On his part, Dr. Biodun Layonu (SAN), faulted the approach adopted by the DSS to secure the order.

He said: “By the time you are detaining somebody beyond the constitutionally allowed period, it must not be through an ex-parte application.

“The man ought to have been represented in court, so that he would see what evidence is being presented by the DSS to back up its request. The action of the DSS amounts to an infringement on Sowore’s constitutionally guaranteed right to freedom.

“To me, a judge also has discretion in a matter like this to ask the DSS to present whatever evidence it has against Sowore to justify the request to keep him custody for certain number of days.”

A former Vice-President of the Nigerian Bar Association (NBA), Mr. Monday Ubani, said it is wrong for the DSS to seek Sowore’s continuous detention, when it has not provided any evidence to sustain the allegations against him.

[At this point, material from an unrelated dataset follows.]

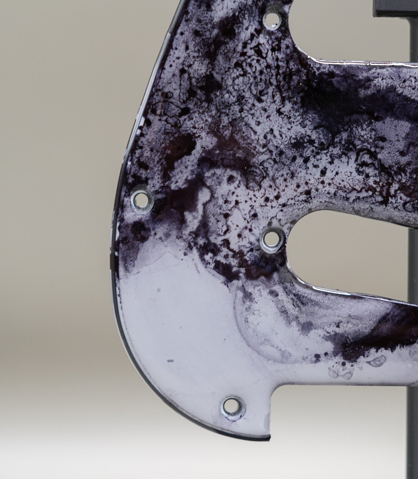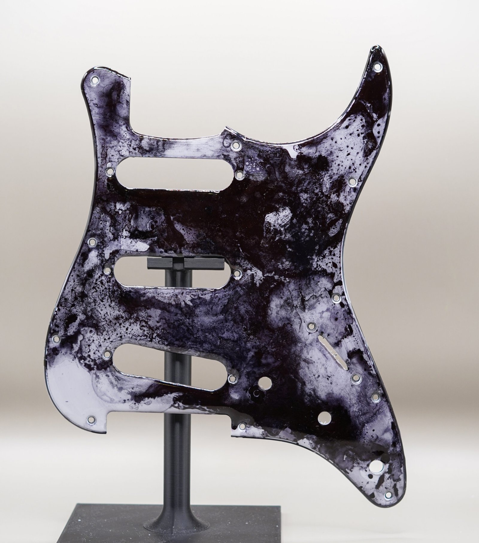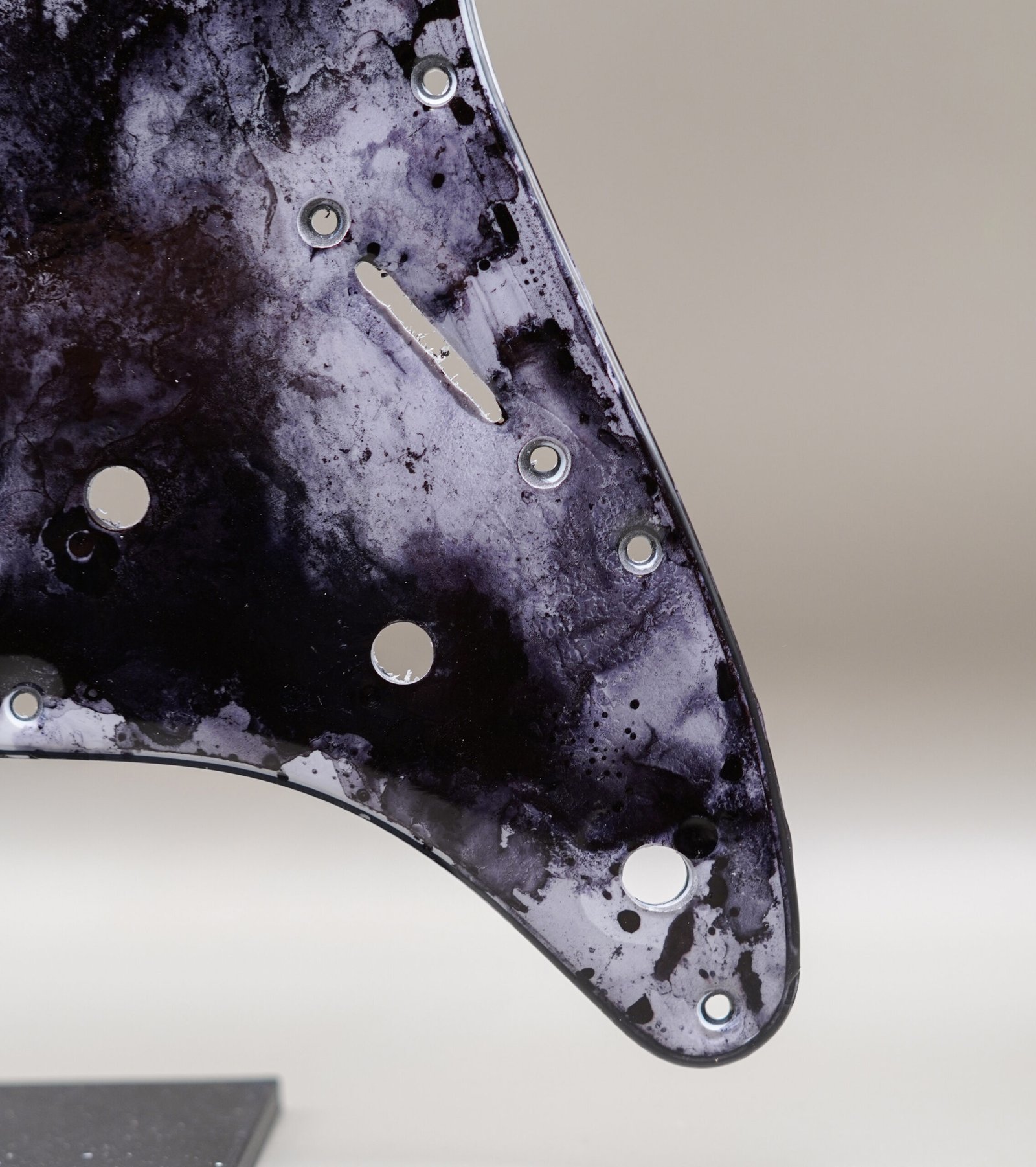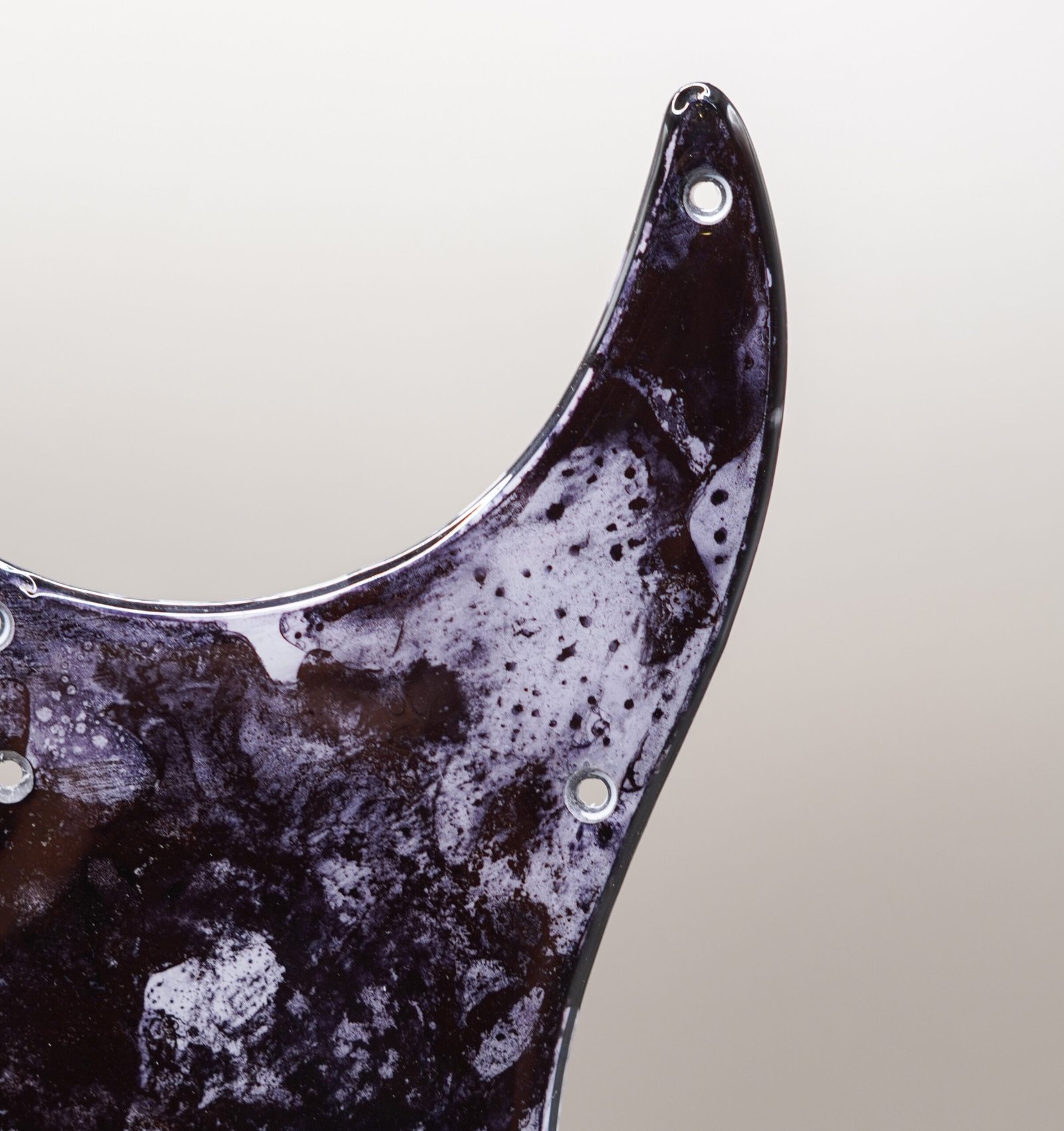This pickguard brings a quiet uniqueness to the instrument, combining fine-art surface work with the durability of resin.

His words: “Sowore’s lawyer should bring an application to set aside the detention order. The constitution only allows maximum of 48 hours to keep anyone in detention.

“The proper thing to do by any law enforcement agency with anyone accused of committing any crime is to ensure that it finishes with investigation before clamping the accused person into detention.

“Detention is the final aspect of investigation which we see in other climes but here somebody will first be arrested before we begin to look for evidence. I don’t think that should be allowed.

“If the DSS is saying the man has committed treasonable felony, evidence of such offence must be placed before the court. It is wrong to ask court to put someone in detention while you are still looking for evidence to prove your case against him.

“I don’t know what evidence has been provided by the DSS before the court granted its request to detain the man beyond the time permitted by law.”

Another lawyer and a former chairman of the Public Interest Lawyers League, Dr. Abdul Mahmud, described the ruling as a clear case of the government, through the DSS, fishing for the law to fit its fictional crime.

He said: “Recall that the government through the IGP had claimed that Sowore attempted a regime change by calling for the days of rage protests that it termed a revolution.

“There’s nothing in sections 1, 2, 3 and 4 of the Terrorism (Prevention) Act 2011 that make the 5th August protests terrorist acts. Absolutely nothing!

“The 5th August protests passed off without the breakdown of law anywhere in the country. Dictatorship is here; Nigerians must fashion ways of dealing with it as they dealt with IBB and Abacha’s dictatorship.”